In a study with Madelon van Hooff from Radboud University in The Netherlands, we wanted to find out if it was not just taking a break from work in the evening that restores energy, but also whether the pleasure employees derive from their off-work activities helps them generate mental and emotional renewal during and after the experience.
PLEASURABLE OUT-OF-OFFICE ACTIVITIES ARE THE MOST RESTORATIVE
We followed a group of 84 people working in full-time jobs in a broad range of industries to measure how well employees recover from daily work through pleasurable activities. We then measured their well-being and recovery through daily diaries, looking at the relationship between the pleasure employees experienced during the evening after work and their recovery state that evening and at various times during the next workday.
While we expected to see pleasure playing a pivotal role in restoring employees’ energy, we were intrigued to find that experiencing pleasure contributes to recovery above and beyond the effects of other restorative experiences such as disengaging from work, relaxing, mastering new skills or gaining a sense of control.
When choosing an evening activity — for example, playing sport, having a massage or learning to cook — people should look for something that brings them pleasure to help them recover.
Why?
A pleasurable activity can enhance the production of hormones in the brain’s ‘pleasure reward’ system to regulate the stress response and promote recovery.
We also found that the pleasure which employees experienced not only helped them recover that evening — its beneficial effects also continued into the next working day. This is vital as the ultimate aim of recovery is to help employees tackle the demands of the next working day in an optimally recovered state.

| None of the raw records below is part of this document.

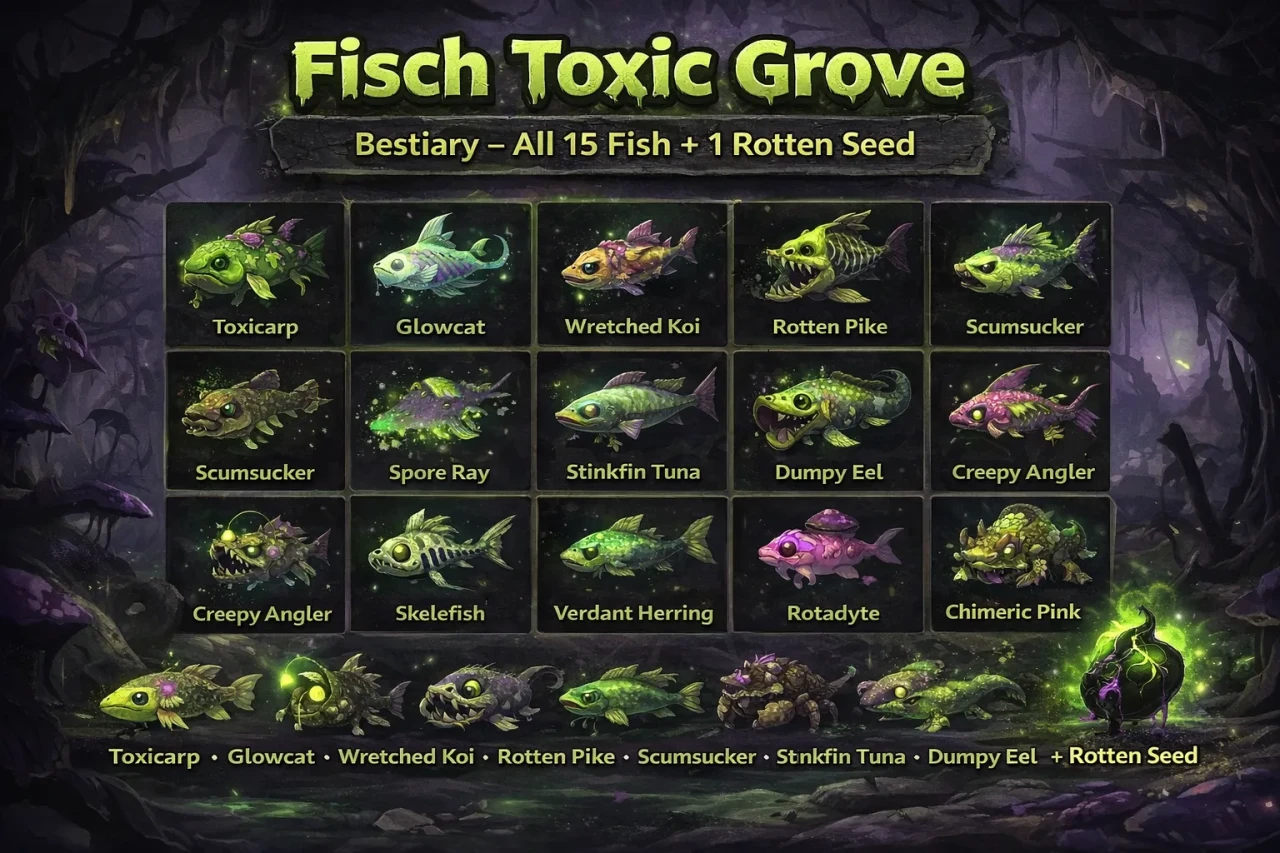 Fisch Toxic Grove Bestiary: List of Fish and How to Get There
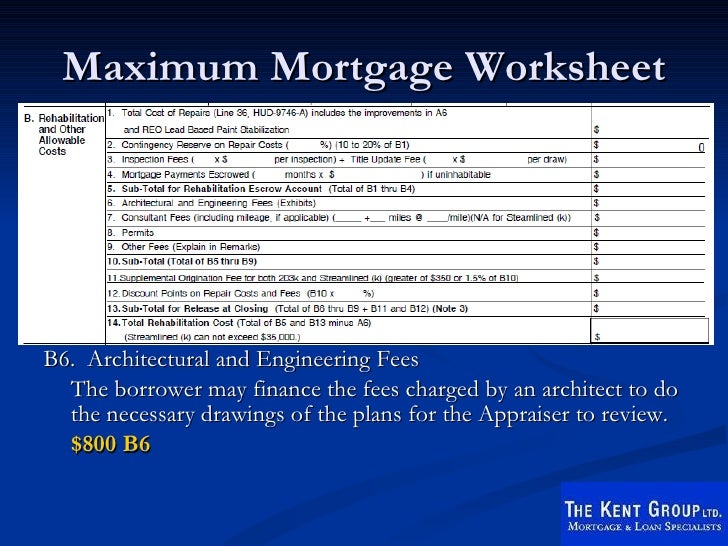 Check out HUD’s Maximum Mortgage Worksheet for more information; Find an FHA 203k consultant if your home improvement costs will exceed approximately $31,000 A mortgage that gives the mortgagee a security right after first, second, and third liens have been satisfied
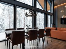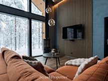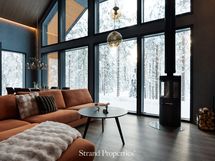 Vuosi sitten käyttöönotettu korkeatasoinen huvila omalla tontilla Levijärven alueella. Kokonaisuus on toteutettu huolella alusta asti, ja suunnittelussa on painotettu sekä näyttävyyttä että käytännöllisyyttä. Tilat on mitoitettu palvelemaan vaivattomasti suurempiakin seurueita, ja neljän makuuhuoneen pohjaratkaisu tarjoaa luontevan tasapainon yhteisten oleskelutilojen ja oman rauhan välillä. Avarat näkymät ja harkitut tilaratkaisut tekevät kokonaisuudesta selkeän ja viihtyisän.
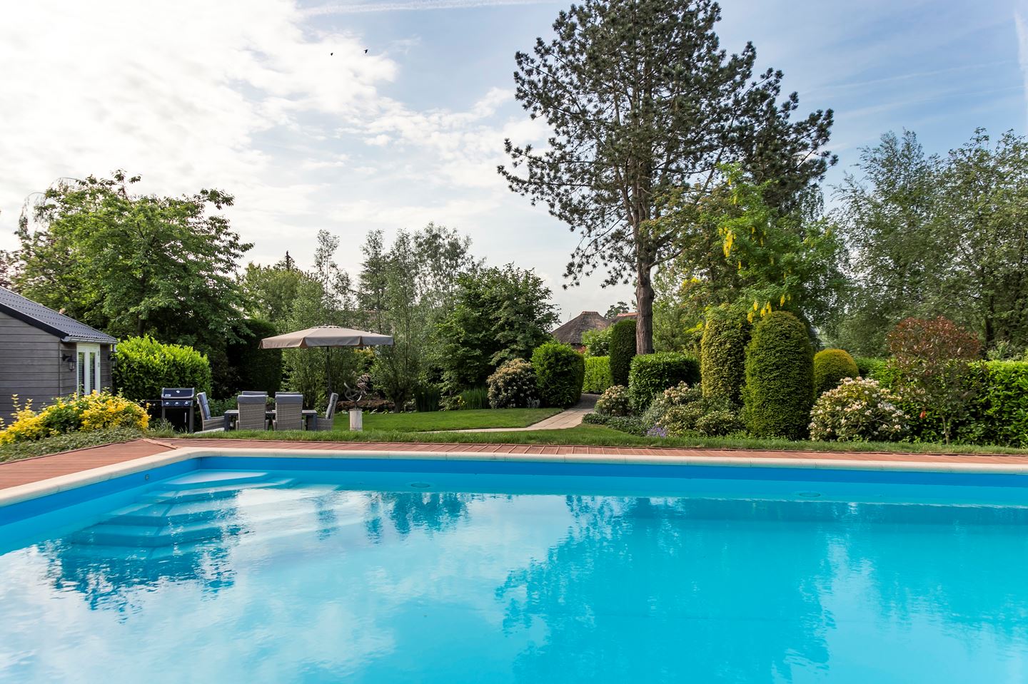 Bij deze locatie draait het uiteraard voornamelijk om het buitenleven, waardoor de lap grond is onderverdeeld in verschillende terrassen en een zwembad helemaal achterin de tuin. En omdat de woning aan het water ligt, is er een stijger aangelegd en een vrijstaande botenloods voltooid.
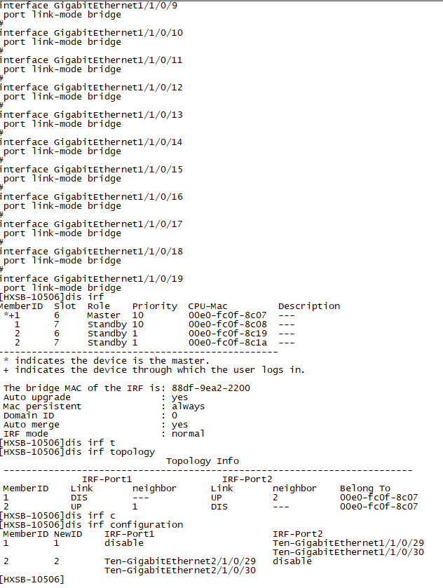 irf-port 1/2 port group interface Ten-GigabitEthernet1/1/0/29 mode enhanced port group interface Ten-GigabitEthernet1/1/0/30 mode enhanced #

Our study showed that on days when employees had expended considerable energy and were fatigued at the end of the workday, they experienced lower levels of pleasure during that evening after work. Paradoxically, employees who would benefit most from experiencing pleasure during the evening seem least able to obtain it.
What are the implications for both employees and organizations? Employees will not recover effectively, potentially leading to decreased work performance over the long term.
MAKING TIME FOR PLEASURE
For many people working in increasingly demanding jobs, the idea of spending time visiting friends, watching a film or taking a stroll in the park after work, does not seem like the best way to become more effective at work. When we’re under pressure we have the urge to work later and power through rather than pursuing pleasurable activities. But that doesn’t necessarily make us more productive.

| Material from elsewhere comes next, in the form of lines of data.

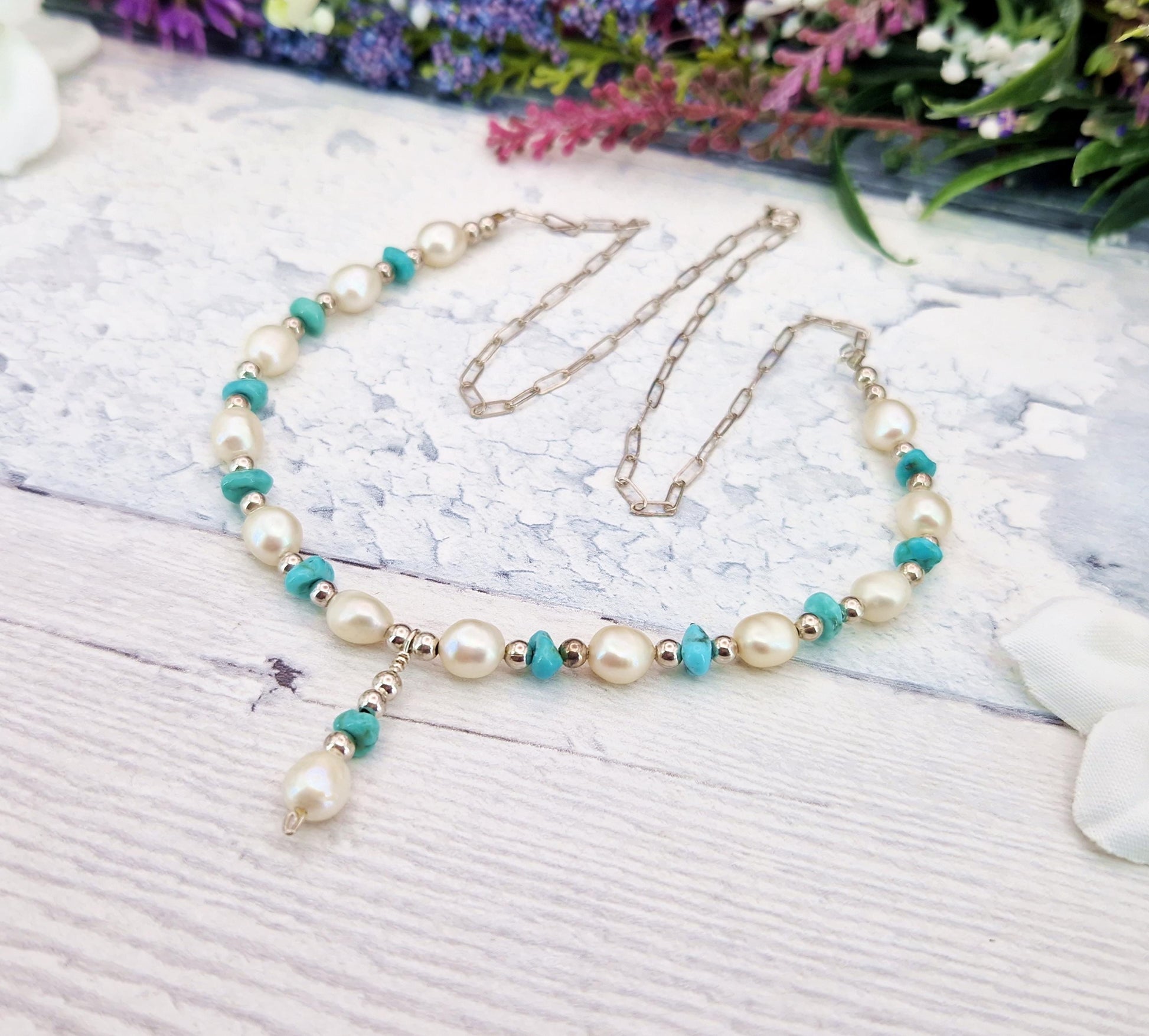 Vintage Sterling Silver White Pearl and Matrix Turquoise Bead Necklace
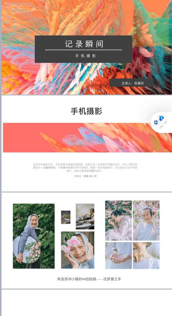 苏真珍从手机摄影的普及性引入,着重介绍了手机摄影的构图技巧,并从参考线、对焦曝光、突出主体三个摄影方面进行详细讲解。她希望同学们在今后生活中要多进行拍照练习,不断提高手机摄影能力。
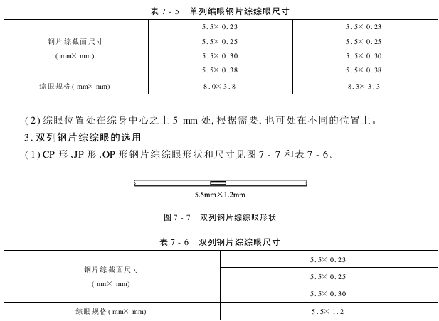 (1)C形、J形单列偏眼钢片综综眼的形状和尺寸见图7-6和表7-5。
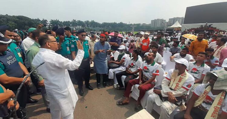 গতকাল বৃহস্পতিবার রাতে আন্দোলনকারীদের জমায়েতের পর সকালে, ‘জুলাই শহীদ পরিবার ও আহত যোদ্ধাদের’ সমর্থনে শতাধিক মানুষ সংসদ ভবন এলাকার ১২ নম্বর গেটের সামনে অবস্থান নেন এবং বিভিন্ন স্লোগান দিতে থাকেন। এক পর্যায়ে তারা গেট টপকে ভিতরে প্রবেশ করে মঞ্চের সামনে এসে অতিথিদের চেয়ারে বসে স্লোগান দিতে থাকেন।
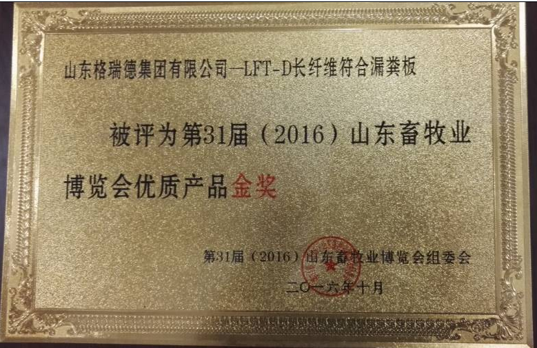 此次博览会上,我公司展出了新型复合材料制品—畜牧业养殖用LFT-D长纤维复合材料漏粪板,该产品作为漏粪板的更新换代产品在展会上格外抢眼,并荣膺此次博览会组委会评选之最高奖—金奖,成为我公司的一大荣耀。
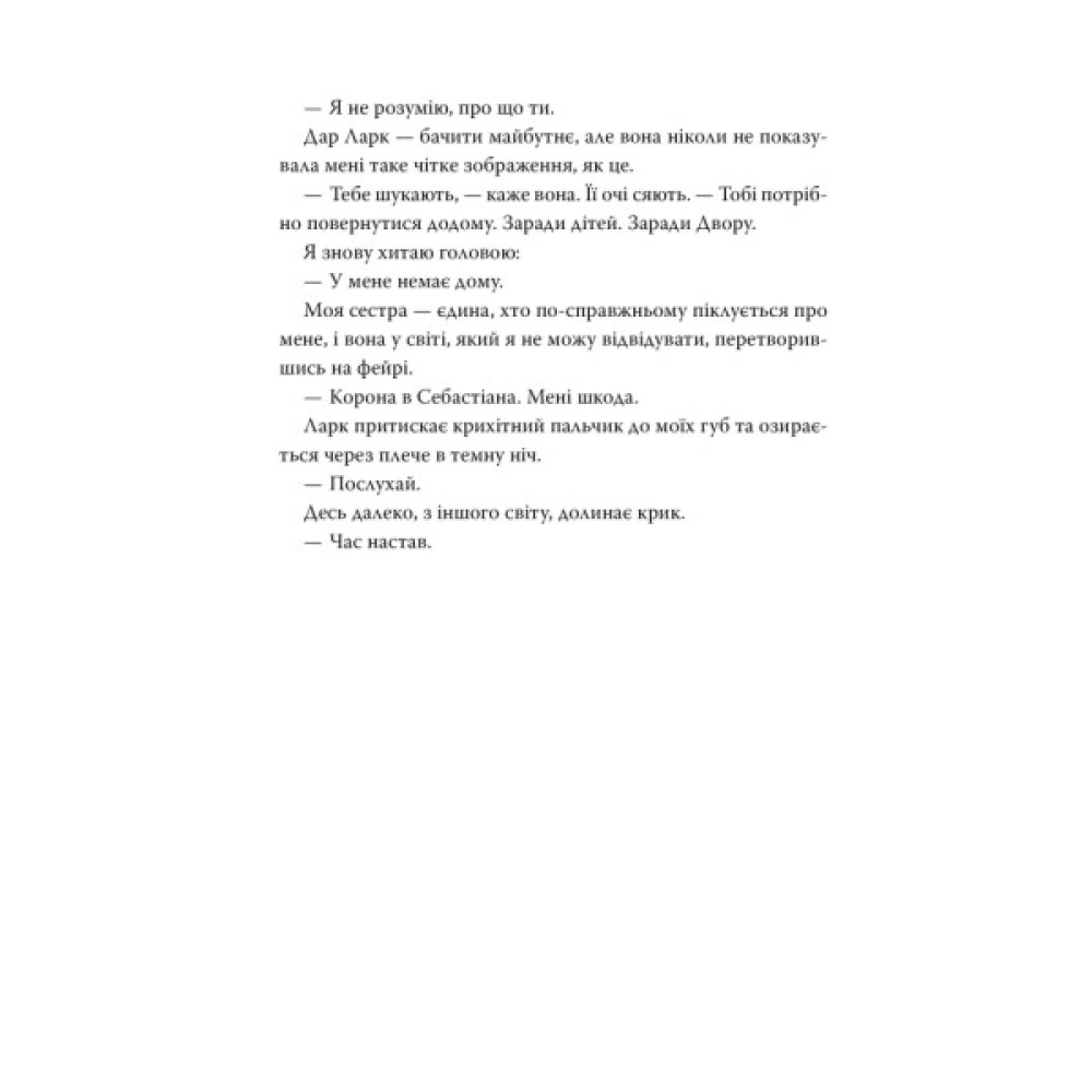 Коли сестру Абріелли продали до світу фейрі, дівчина думала, що життя не може бути гіршим. Проте вона заплутується в небезпечному павутинні власних дій і рішень: закохується у двох принців, але не довіряє жодному з них. Все значно складніше, ніж думала Абріелла.

Our energy is not infinite and we need to restore it through activities we enjoy outside work. When staying late becomes the norm it is unlikely to be sustainable and may undermine one’s performance.

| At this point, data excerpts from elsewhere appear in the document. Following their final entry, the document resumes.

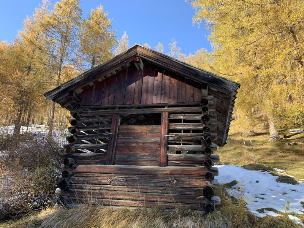 Der Kontrast von Schnee, gelben Lärchen, brauner Wiese und tiefblauem Himmel ist wunderschön, fast möchte man nicht weitergehen vor lauter Staunen.
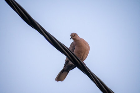 A mourning dove perches gracefully on a thick wire against a pale blue sky, a tranquil moment.
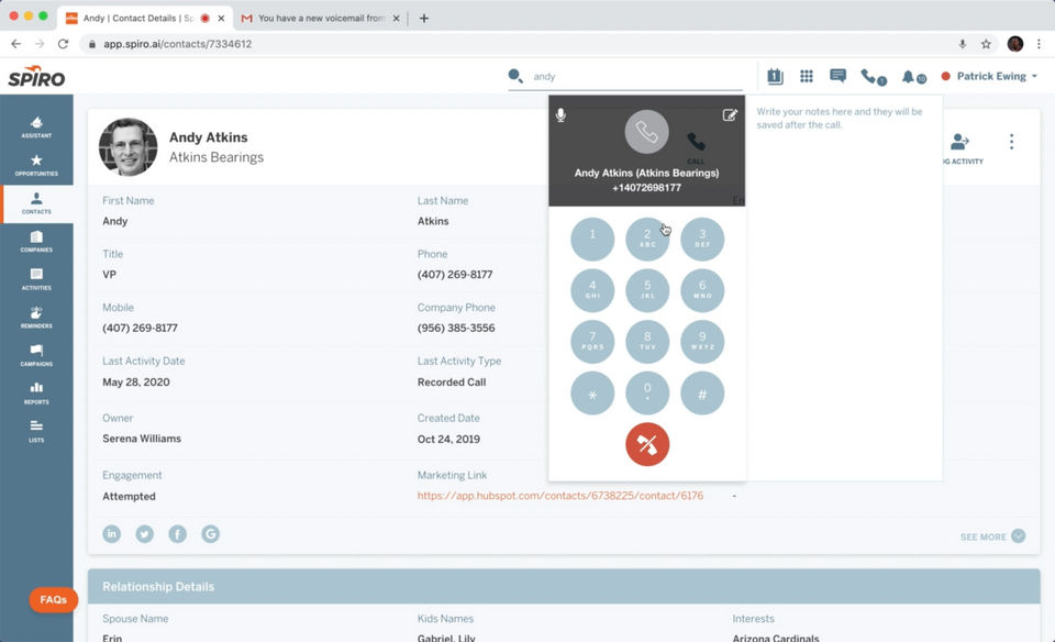 Spiro is great. I used it for the last company I worked for. It's a great tool for sales people and it also.sets reminders.and appointments so no sale is left behind.
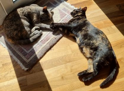 wir sind's Suki (ehemals Billie) und ihre Schwester Juna. Wir möchten euch von unserem neuen Zuhause berichten. Am Anfang waren wir beide sehr schüchtern und hatten kein Vertrauen zu unseren Menschen aber unsere große Katzenschwester die schon vor uns dort gelebt hat, hat es uns leichter gemacht und uns gezeigt, dass wir gar keine Angst vor diesen Menschen haben müssen. Die Neugier und der Spieltrieb waren einfach stärker. Ich (Juna) war auch schon mit meiner großen Katzenschwester draußen auf Entdeckertour. Sie hat immer ein Auge auf mich und ist stets an meiner Seite, schaut dass ich in unserem Revier bleibe und den Weg nach Hause finde. Wir lieben die Haargummis von unserer Menschenmama wir aportieren und schmeißen sie immer durch die ganze Wohnung, sodass sie leider immer verschwinden. Unsere Menschenmama kauft deshalb immer extra Haargummis nur für uns. Wir lieben und genießen die ausgiebigen Streichel- und Kuscheleinheiten die wir bekommen aber ebenso lieben wir das rumtoben miteinander.

Being mentally strong is about having the fortitude to seek out pleasurable activities in the evening that will allow you to be happier and more successful at what you do.
Our research challenges the traditional mind-set in many Asian workplaces, where employees are typically rewarded for working the longest hours. In Japan, for instance, office workers work for long hours. Last year, a Japanese woman died from overwork after clocking in 159 hours of overtime.
Fortunately, organizations have realized that there are diminishing productivity gains from employees working longer hours. For instance, nurses and health workers are now given shorter hours by the government.
Giving staff time to pursue enjoyable activities means they can return to work rejuvenated, and the resulting energy boost these employees gain is important in driving sustainable productivity.
 
Irene de Pater is an Assistant Professor in the Department of Management and Organisation at the National University of Singapore (NUS) Business School. The opinions expressed are those of the writer and do not represent the views and opinions of NUS.